Published online Jul 7, 2006. doi: 10.3748/wjg.v12.i25.4061
Revised: December 12, 2005
Accepted: December 22, 2005
Published online: July 7, 2006
AIM: To study the dynamic changes of hepatits B virus (HBV) DNA in serum and peripheral blood mononuclear cells (PBMCs) of patients after lamivudine therapy.
METHODS: A total of 72 patients with chronic HBV infection were included in this study. All patients were confirmed to have the following conditions: above 16 years of age, elevated serum alanine amonotransferase (ALT), positive hepatitis B e antigen (HBeAg), positive HBV DNA in serum and PBMCs, negative antibodies against HAV, HCV, HDV, HEV. Other possible causes of chronic liver damages, such as drugs, alcohol and autoimmune diseases were excluded. Seventy-two cases were randomly divided into lamivudine treatment group (n = 42) and control group (n = 30). HBV DNA was detected both in serum and in PBMCs by fluorescence quantitative polymerase chain reaction (PCR), during and after lamivudine treatment.

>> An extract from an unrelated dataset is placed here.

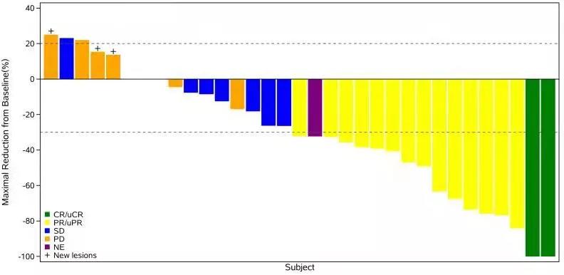 截至分析时间,共入组36名患者,中位年龄为 53.0 岁。其中有30名(83.3%)患者在复发转移阶段接受了2线以上的系统性治疗。入组患者中分别有33 和36名患者可评估疗效或安全性。目前ORR为48.5%(95% CI:30.8~66.5),有一名患者达到完全缓解(CR)。疾病控制率(DCR)为 78.8%(95% CI:61.1~91.0)。目前的中位PFS为 6.9(95% CI:4.2~未达到)月。

RESULTS: In the treatment group, HBV DNA became negative both in serum and in PBMC, of 38 and 25 out of 42 cases respectively during the 48 wk of lamivudine treatment, the negative rate was 90.5% and 59.5% respectively. In the control group, the negative rate was 23.3% and 16.7% respectively. It was statistically significant at 12, 24 and 48 wk as compared with the control group (P < 0.005). The average conversion period of HBV DNA was 6 wk (2-8 wk) in serum and 16 wk (8-24 wk) in PBMC.
CONCLUSION: Lamivudine has remarkable inhibitory effects on HBV replication both in serum and in PBMCs. The inhibitory effect on HBV DNA in PBMCs is weaker than that in serum.